GPT-4o · May 2024
May 2024 checkpoint of gpt-4o for that special voice.
About GPT-4o · May 2024
Speed and native multimodality define the May 2024 launch of GPT-4o — the original "omni" checkpoint that set a new bar for how fast a frontier model could respond without sacrificing versatility. Running a single unified neural network across text, images, audio, and video (no separate processors bolted together), it delivers around 100 tokens per second, well above the field median of 61. Users consistently praise its natural, conversational warmth and its strong image understanding, making it a go-to for real-time chat, visual document analysis, and multilingual workflows. That said, raw reasoning is not its strength: an AIME score of just 12% reflects meaningful limits on complex math and logic, and its Intelligence Index sits below the median for non-reasoning models. This is a checkpoint built for throughput and multimodal coverage — for teams who need reliable, expressive, fast responses rather than deep step-by-step reasoning. Note: this is the original May 13, 2024 release; later dated variants (August and November 2024) include cumulative improvements.
Best for
- Real-time chat and conversational applications where low latency and a warm, natural tone matter
- Visual tasks including image analysis, OCR, and scientific or document image interpretation
- High-volume production chatbots where throughput and speed outweigh the need for deep reasoning
- Multilingual and translation-heavy workflows, benefiting from improved non-English performance
- Multimodal content pipelines that mix text, images, and audio in a single API call
Specs & capabilities
How GPT-4o · May 2024 stacks up — intelligence, speed, context, and modalities.
Intelligence
Low
Speed
Medium
Context window
128,000 tokens
Max output
4,100 tokens
Knowledge cutoff
October 2023
GPT‑4o retirement (ChatGPT)
OpenAI retired GPT‑4o inside ChatGPT on February 13, 2026. It remains available through the OpenAI API.

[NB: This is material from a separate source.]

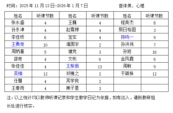 通辽市第五中学听课记录单{高中部音体美、心理}
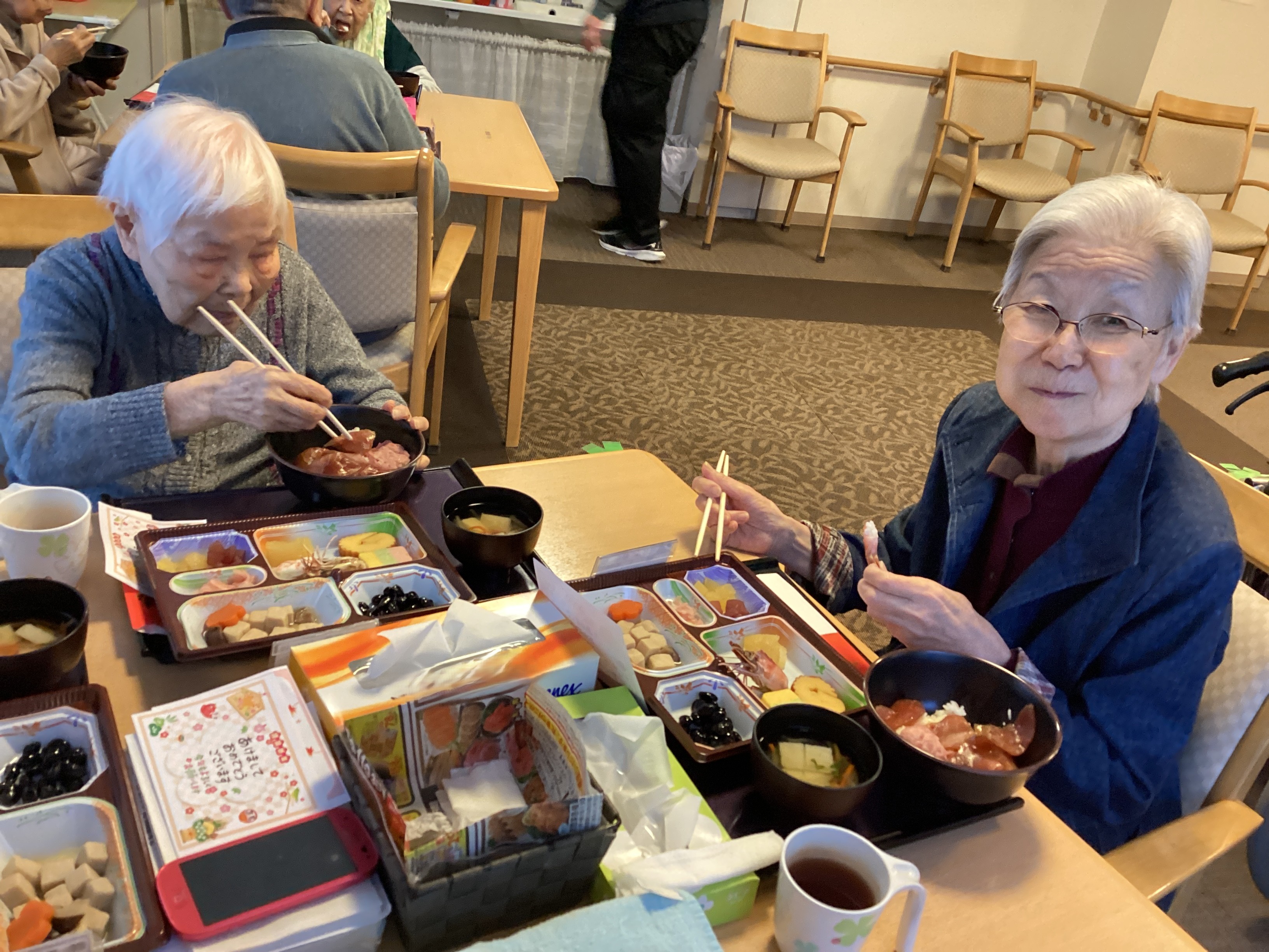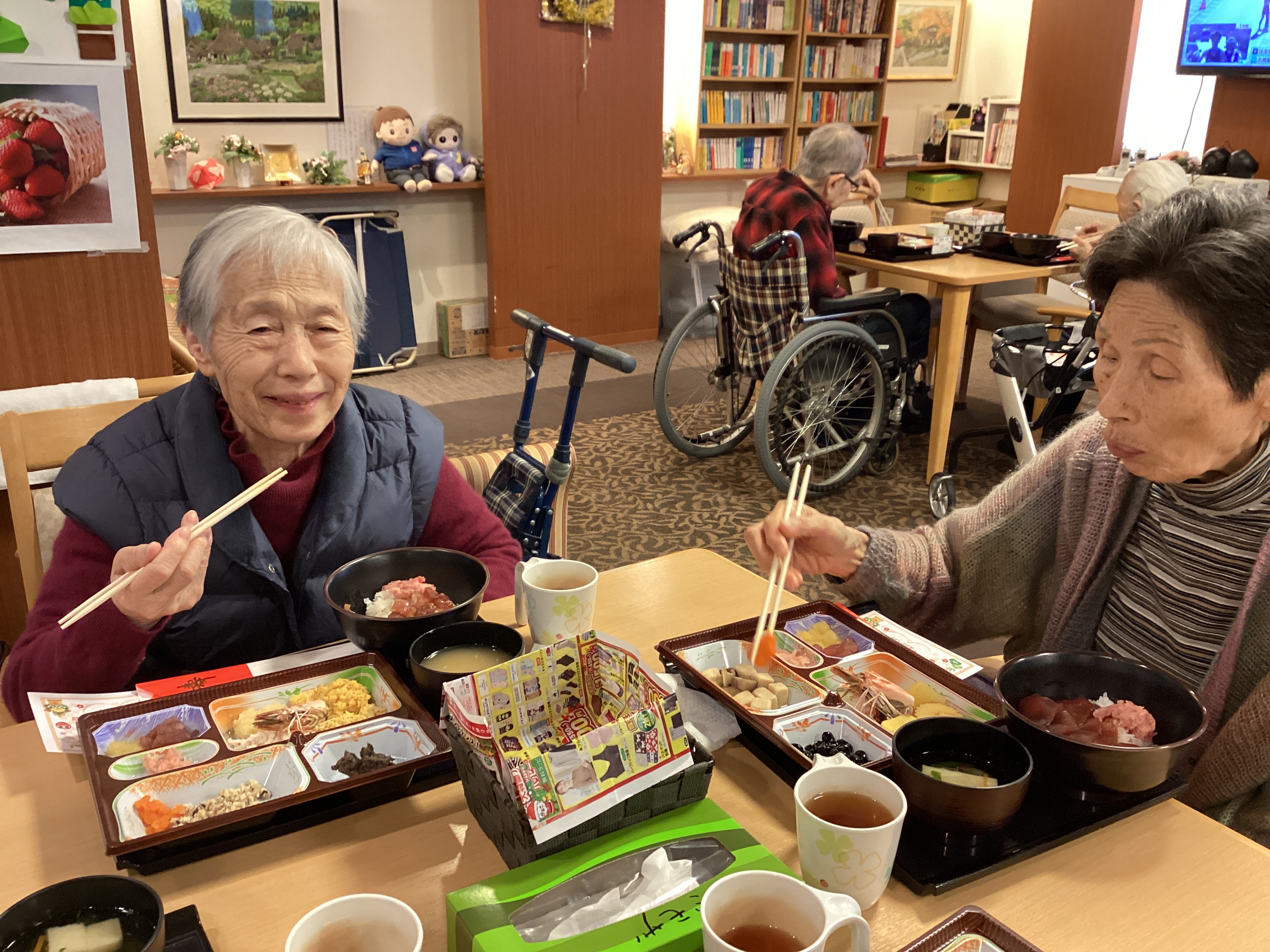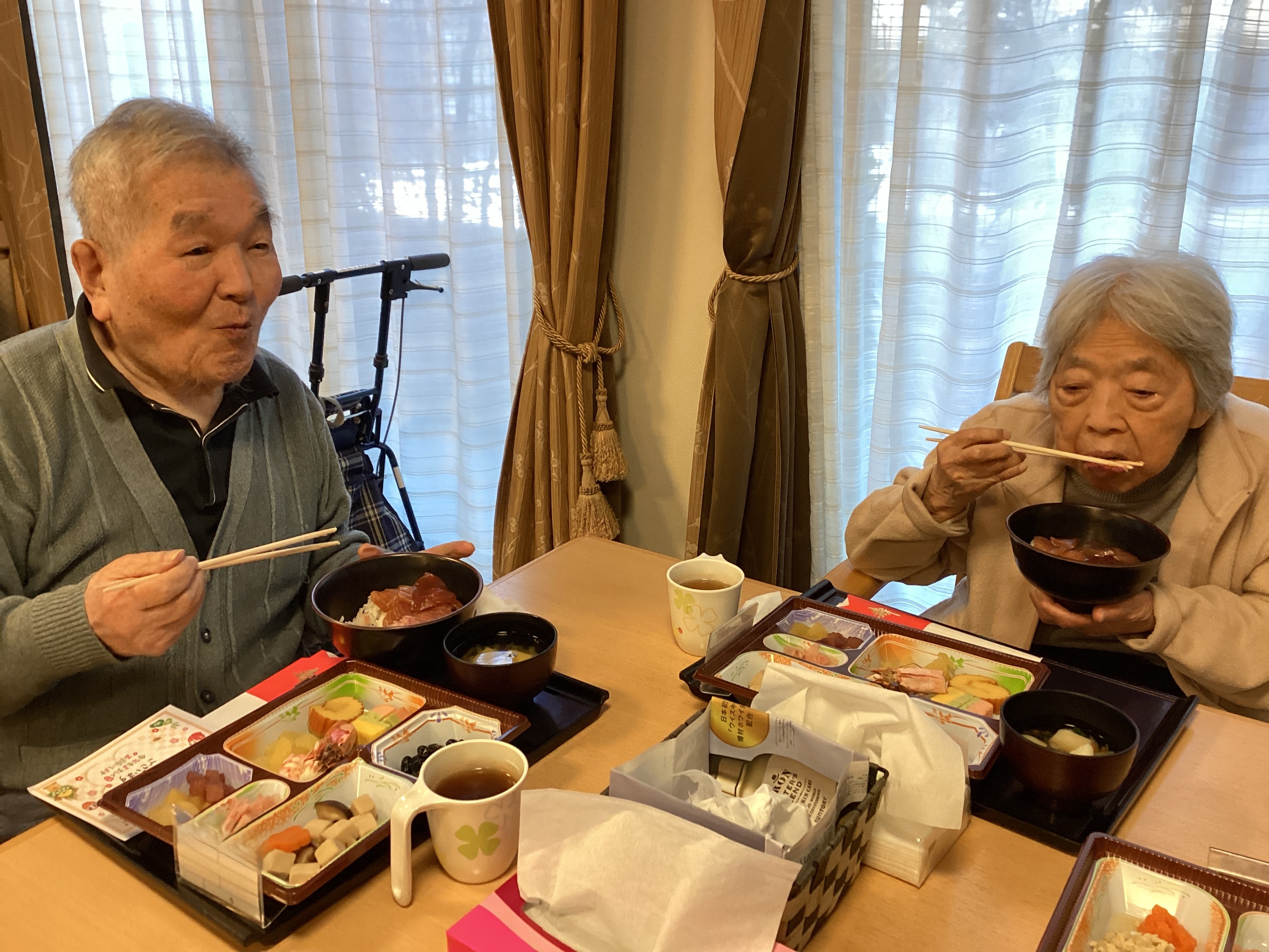 新年あけましておめでとうございます。本年もよろしくお願いいたします。お昼ご飯におせちをいただき、皆さま嬉しそうに完食していました!

Frequently asked questions
What does the -2024-05-13 suffix mean?
It pins this request to the original May 13, 2024 release of GPT-4o. Later checkpoints like -2024-08-06 and -2024-11-20 include cumulative changes; using this ID guarantees the exact original version.
What is the context window?
128,000 tokens of input context, with a maximum output of 4,100 tokens per response.
What does it cost?
At launch it was $5.00 per million input tokens and $15.00 per million output tokens. OpenAI dropped those prices 50% in October 2024 to $2.50 input / $10.00 output. Check current provider pricing, as rates may have changed since.
Is this a reasoning model like o1 or o3?
No. Despite the shared 'o' in the name, GPT-4o is a speed- and multimodal-focused model, not a chain-of-thought reasoning model. For complex math or multi-step logic, OpenAI's o-series models are better suited.
How does it compare to GPT-4 Turbo?
GPT-4o is roughly 2x faster than GPT-4 Turbo and supports higher rate limits, while maintaining comparable intelligence. It also adds native image, audio, and video inputs through a unified architecture rather than separate processors.
What is its knowledge cutoff?
October 2023, which is earlier than GPT-4 Turbo's April 2024 cutoff. Queries about events after that date will be outside its training data.